El cansancio me da la sensación de estar sin pilas. Interiormente, estoy vacío. ¿A dónde se fue mi motivación? Mis inquietudes, mis miedos, mis penas y mis heridas interiores me llevan a luchar y a resistir. En vez de centrar
mi energía para encontrar el punto común de mis dificultades, la esparzo en demasiadas direcciones a la vez. Desespero incluso de encontrar una solución. Vivo cierto cansancio frente a la vida, un cansancio interior porque debo debatirme para seguir adelantando. La depresión incluso es posible. Siento un sentimiento de incompetencia, de carencia y ausencia de interés. Esto indica una pérdida de dirección y de intención, una necesidad de reanudar con la alegría interior y el amor de la vida. Necesito un tiempo de pausa, de descanso
para hacer el balance y recuperar mi energía. Dejo de engancharme al pasado y acepto vivir el instante presente porque cada instante me trae la energía que necesito.
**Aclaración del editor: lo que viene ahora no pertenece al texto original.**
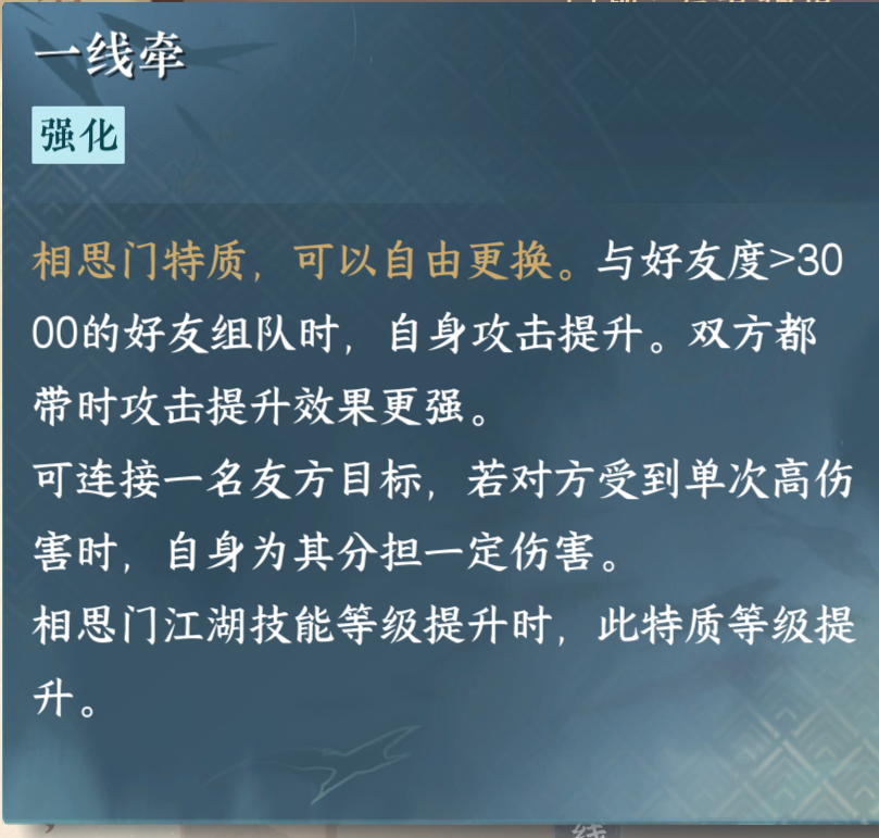 还有就是一线牵这个技能,这个技能需要额外的舞蹈等级到六级才能学习,但需要和3000以上的好友度的好友组队才能生效,更重要的是这个技能真的很强!和同样拥有这个技能的老哥组队的时候,能够提高120%的攻击,强的一笔!

El síndrome del cansancio crónico o ENCEFALOMIELITIS fibromialgica también puede que esto se produzca porque mi sistema de defensa natural del cuerpo, mi sistema inmunológico, está debilitado. También puede que mi psiquismo esté afectado, debido a una depresión, estrés, falta de motivación, agotamiento por cansancio excesivo, etc. Mentalmente, estoy agotado y esto se refleja en mi inestabilidad emotiva. Físicamente, padezco dolores de cabeza y mi fuerza muscular disminuye poco a poco. El menor esfuerzo me causa un cansancio intenso. Perdí el gusto de vivir. ¿Dónde están mis sueños y mis ambiciones? También tengo miedo de la vida y de las responsabilidades. Me siento incapaz de responder a lo que se espera de mí. De hecho, la enfermedad me permite retirarme, es mi excusa para no actuar y quizás, un medio de recibir más atención. Así me siento más en seguridad en mi enfermedad que en mi “enfrentamiento” con la vida. ¿Qué es lo que estaba viviendo en el momento del achaque viral? ¿Había decidido dejar mi hogar? ¿Acababa de vivir un deceso, una ruptura, un rechazo? Tomo consciencia de que todo esto está vinculado con el amor, o sea el amor que tengo hacía mí. Acepto aprender a amarme más. Soy la persona más importante en mi vida. Aprendiendo a amarme, hago las cosas para mí y disfruto con cada instante. Formo parte del universo en donde la reciprocidad es ley. Me amo y así atraigo el amor de los demás y los amo también. Hago confianza al universo que me ayuda cada día a adelantar.